Perry was indicted last week for the offense of vetoing an appropriations bill. Not vetoing an appropriations bill in exchange for a bribe. Not vetoing an appropriations bill as a favor to a donor. Not vetoing an appropriations bill in excess of his lawful authority. But simply vetoing an appropriations bill.

That Perry could, in theory, face more than 100 years in prison stemming from this veto is so mind-bogglingly stupid that even Democrats and mainstream journalists have been taken aback.

The whole matter has its roots in the drunken-driving arrest last year of Travis County District Attorney Rosemary Lehmberg, a Democrat. Police pulled her over for driving erratically. Video of the stop shows Lehmberg failing all manner of roadside tests, and nearly tipping over as the polite officers try to keep her upright.

By the time she's at the jail, she's a parody of an entitled public figure. She blusters. She whines. She belittles. She threatens. She kicks and bangs. Her behavior is so outrageous that she has to be restrained like Hannibal Lecter in "The Silence of the Lambs."

Her blood alcohol level was about three times the legal limit, and she ended up pleading guilty and serving jail time. Gov. Perry thought, not unreasonably, that Lehmberg should resign. Her office houses the state's Public Integrity Unit, and she no longer seemed a fit leader of it, for obvious reasons.

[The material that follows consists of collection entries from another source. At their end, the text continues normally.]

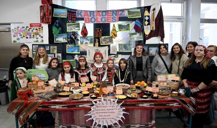 Aydın’ın Kuşadası ilçesinde, ‘Tutum, Yatırım ve Türk Malları Haftası’ kapsamında Kuşadası İlkokulu’nda düzenlenen etkinlik renkli görüntülere sahne oldu. Velilerin de katıldığı kutlama programında, yöresel kıyafetler giyen çocuklar, Türkiye’nin farklı coğrafi bölgelerine ait kültürel zenginlikleri ve lezzetleri eğlenceli bir şekilde tanıdı.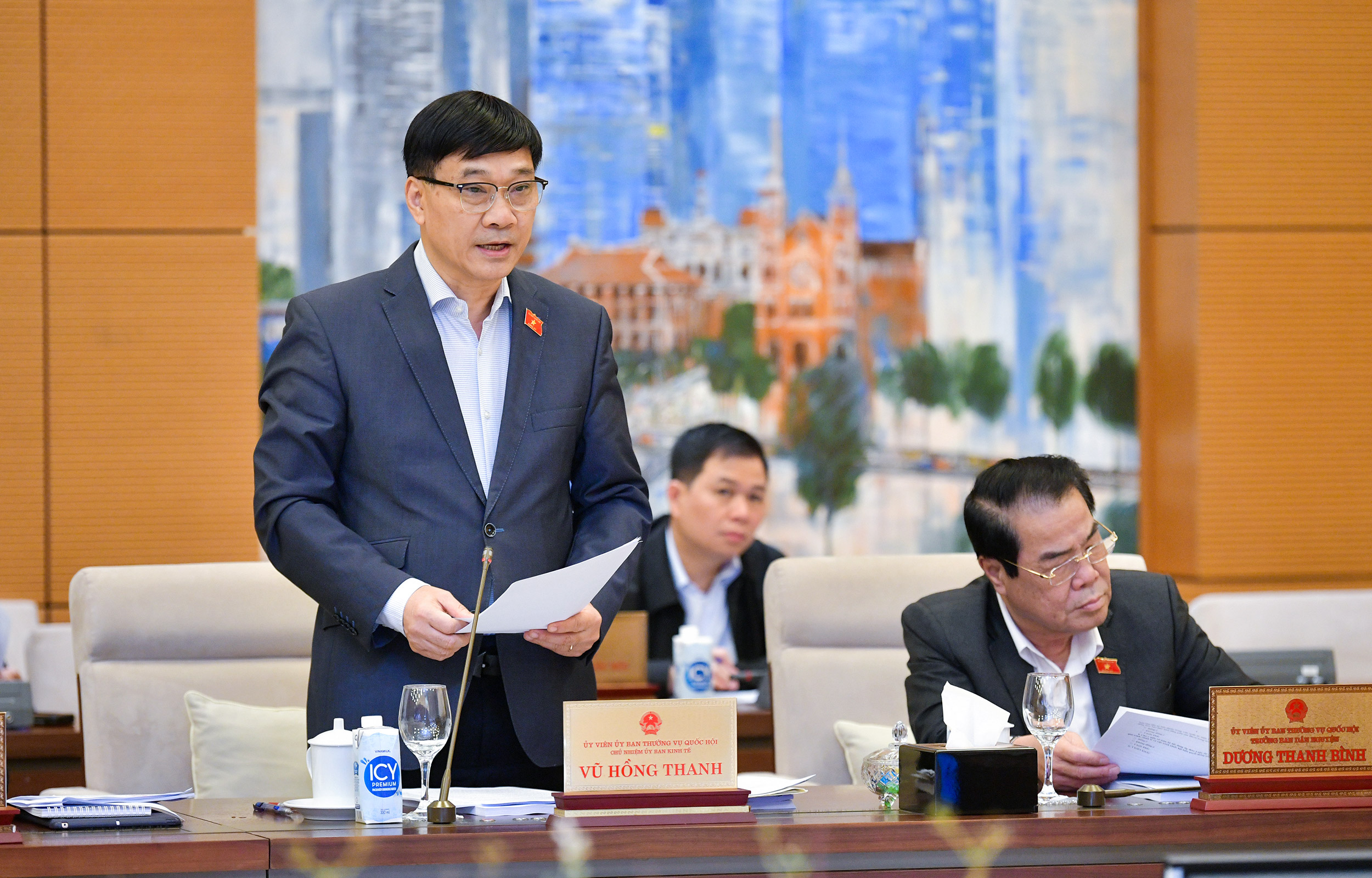 Chủ nhiệm Ủy ban Kinh tế của Quốc hội Vũ Hồng Thanh trình bày tóm tắt dự thảo báo cáo của Ủy ban Thường vụ Quốc hội về việc giải trình, tiếp thu, chỉnh lý dự thảo Luật Các tổ chức tín dụng (sửa đổi)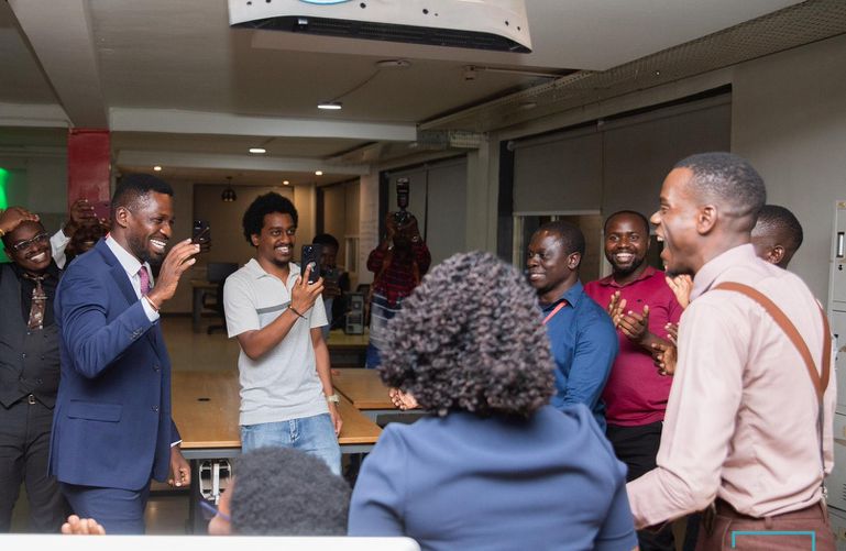 In scenes rarely witnessed in Ugandan media houses, dozens of NBS TV staff were seen clamouring to take selfies with Bobi Wine.

Lehmberg disagreed. This created what is known in America and other free societies as a political dispute. They happen all the time. Lehmberg exercised her power to stay in her position, and Perry exercised his power to veto funding for her Public Integrity Office as long as she did. You can disagree with one or both of them, but no one was committing a crime.

It was left to a special prosecutor of the very same Travis County District Attorney's Office to concoct one, and manage to get a grand jury to fall for it. The indictment — running barely two pages long — is as substantive as a fifth-grader's book report, and about as legally sophisticated.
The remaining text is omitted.